Prace magisterskie - program antyplagiatowy

Search:

Działanie naganne, ma znaleźć zwalczane

Plagiaty są niestety codziennością na polskich uczelniach. Uczniowie zazwyczaj z całą/ pełną świadomością lub nieświadomie kradną własność intelektualną różnych ludzi i podpisują się, jakby była tych przed chwilą wspomnianych własną. To działanie naganne, które ma znajdować się zwalczane. Z tego powodu w tej chwili kobiety i mężczyźni piszący magisterki (i inne dzieła naukowe) powinny posiadać się na baczności - od groma uczelniach działają tak zwane programy antyplagiatowe.

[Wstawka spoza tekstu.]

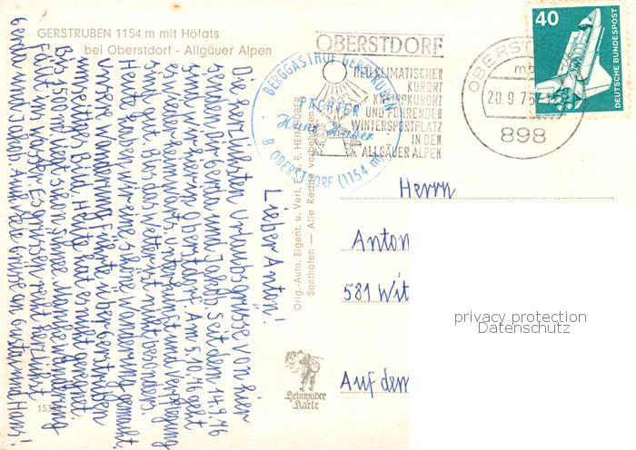 73813544 alte Postkarte Gerstruben Oberstdorf mit Hoefats postalisch gelaufen Erhaltung siehe scans [WerneD78] KatCode: 11110009780133

Działanie względnie niewyszukane

To program komputerowy, jaki sprawdza, albo tekst oddany poprzez studencika nie jest skopiowany z innego źródła. Rzecz jasna pomija cytaty, które są dozwoloną formą. Samo jego działanie jest względnie zwykłe - ma jakąś bazę tekstów (książek, artykułów, tekstów internetowych), z jakimi porównuje pracę studencika. Jeżeli % powtórzeń jest za wysoki, autor może spodziewać się konsekwencji i oskarżenia o plagiat.

Stanowczo system atrakcyjny, albowiem

Sprawdzanie prac magisterkich oraz innych w systemach nie jest wciąż obowiązkiem na wszystkich polskich uczelniach, wszakże większość z nich już przekonało się z drugiej strony systemu walki z nieuczciwymi studentami. Z pewnością nie to jest system ciekawy, albowiem program może popełnić błąd - podając przykład błędnie odczytać cytowane obszary - wszakże bez wątpliwości to jest w dzisiejszych czasach najlepsze narzędzie do walki z plagiatami na polskich uczelniach.

Odnosi, może oskarżony

Magisterki albo licencjackie powinny zostać dziełem studencika - ma prawo korzystać on z cytatów albo parafraz, ależ ma obowiązek o tym poinformować w tekście. Kiedy tego nie odnosi, może zostać oskarżony o kradzież. Nie gorzej tego się ustrzec, bowiem rodzime prawo przewiduje dość surowe kary za tego rodzaju praktyki. Również student może zostać ukarany też przez samą uczelnie, a te nie lubią złodziei.